Provided information >>
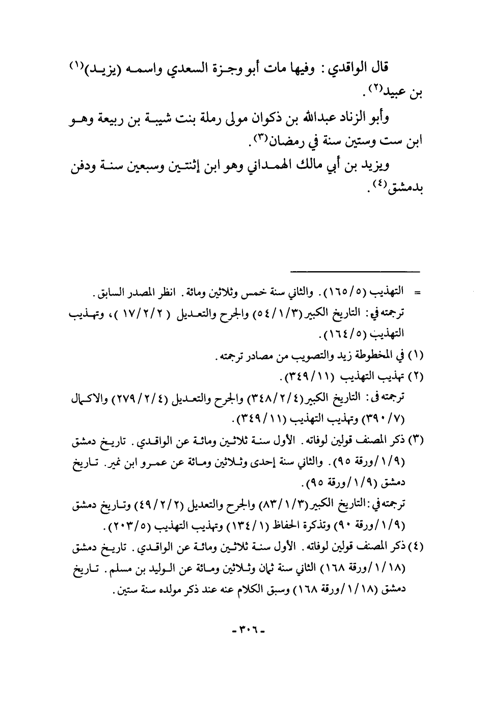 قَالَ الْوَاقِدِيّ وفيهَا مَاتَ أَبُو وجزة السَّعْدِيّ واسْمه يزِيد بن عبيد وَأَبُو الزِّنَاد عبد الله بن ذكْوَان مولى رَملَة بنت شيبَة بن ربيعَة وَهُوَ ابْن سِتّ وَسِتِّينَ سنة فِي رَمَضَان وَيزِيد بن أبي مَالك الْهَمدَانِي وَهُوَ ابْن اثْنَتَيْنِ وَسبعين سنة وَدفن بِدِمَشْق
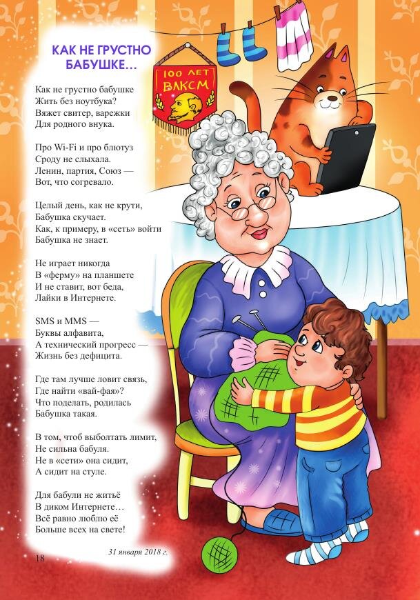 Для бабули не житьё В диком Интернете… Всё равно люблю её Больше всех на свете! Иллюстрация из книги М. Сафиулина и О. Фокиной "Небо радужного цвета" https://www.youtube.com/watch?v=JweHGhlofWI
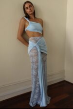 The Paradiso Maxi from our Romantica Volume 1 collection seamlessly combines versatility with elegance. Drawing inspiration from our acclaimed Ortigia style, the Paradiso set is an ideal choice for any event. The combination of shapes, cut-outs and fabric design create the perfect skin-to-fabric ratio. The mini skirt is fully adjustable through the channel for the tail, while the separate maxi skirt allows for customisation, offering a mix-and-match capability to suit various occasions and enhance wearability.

...

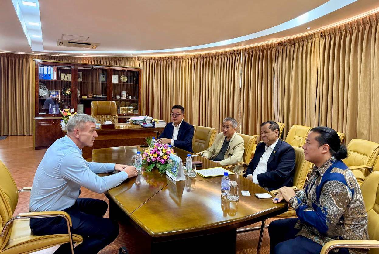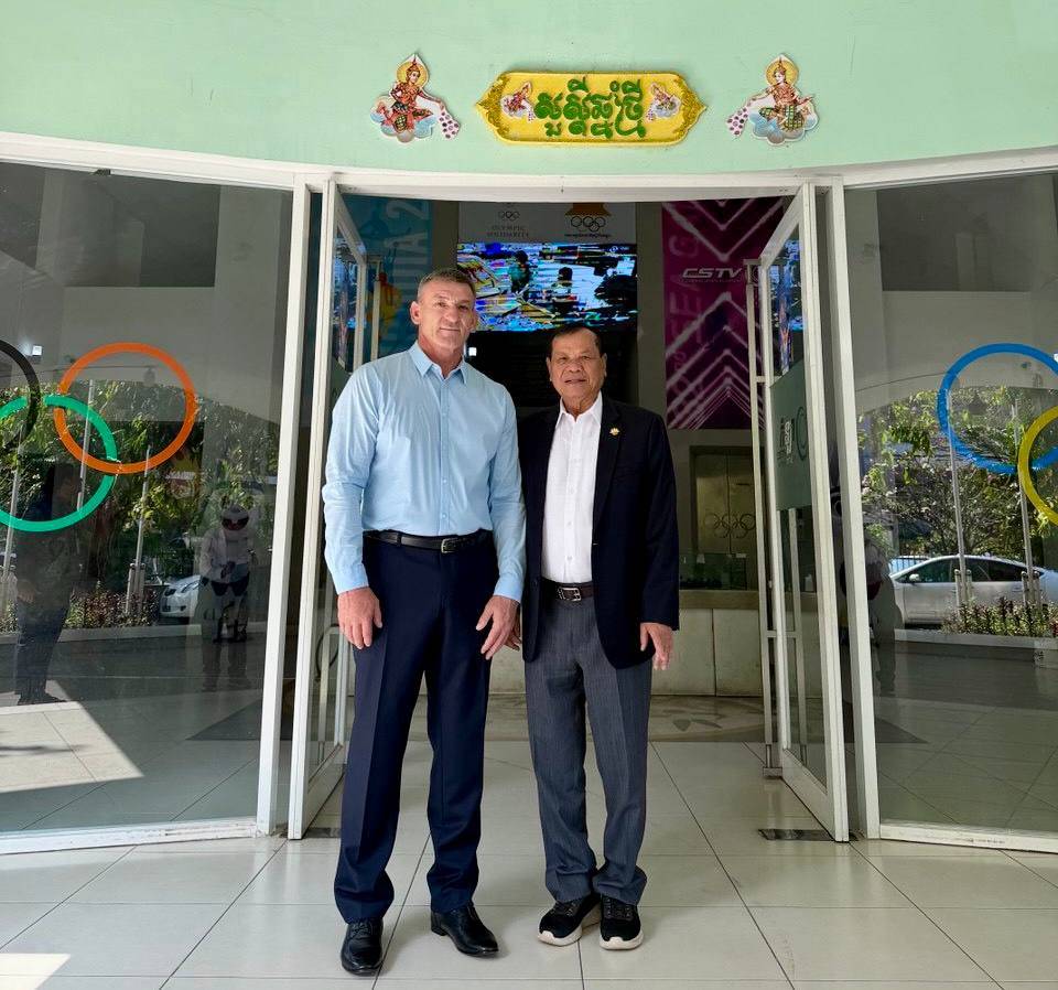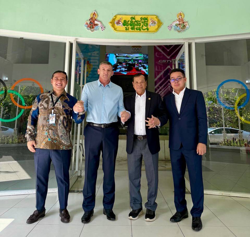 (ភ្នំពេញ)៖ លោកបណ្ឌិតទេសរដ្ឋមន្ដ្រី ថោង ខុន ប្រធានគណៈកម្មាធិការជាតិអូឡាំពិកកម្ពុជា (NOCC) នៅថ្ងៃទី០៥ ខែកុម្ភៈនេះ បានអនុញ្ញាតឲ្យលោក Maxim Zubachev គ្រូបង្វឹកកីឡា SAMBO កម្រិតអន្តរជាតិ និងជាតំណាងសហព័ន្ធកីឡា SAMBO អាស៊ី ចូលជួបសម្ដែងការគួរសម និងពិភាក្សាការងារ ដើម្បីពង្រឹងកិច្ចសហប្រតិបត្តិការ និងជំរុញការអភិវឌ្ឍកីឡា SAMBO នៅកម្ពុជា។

==

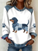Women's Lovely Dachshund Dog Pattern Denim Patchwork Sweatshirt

Directions >>
Output only the lines above from the one containing "Для бабули не" to the one containing "The Paradiso Maxi", both included, exactly as written and with no pictures.

Completed task >>
 Для бабули не житьё В диком Интернете… Всё равно люблю её Больше всех на свете! Иллюстрация из книги М. Сафиулина и О. Фокиной "Небо радужного цвета" https://www.youtube.com/watch?v=JweHGhlofWI
 The Paradiso Maxi from our Romantica Volume 1 collection seamlessly combines versatility with elegance. Drawing inspiration from our acclaimed Ortigia style, the Paradiso set is an ideal choice for any event. The combination of shapes, cut-outs and fabric design create the perfect skin-to-fabric ratio. The mini skirt is fully adjustable through the channel for the tail, while the separate maxi skirt allows for customisation, offering a mix-and-match capability to suit various occasions and enhance wearability.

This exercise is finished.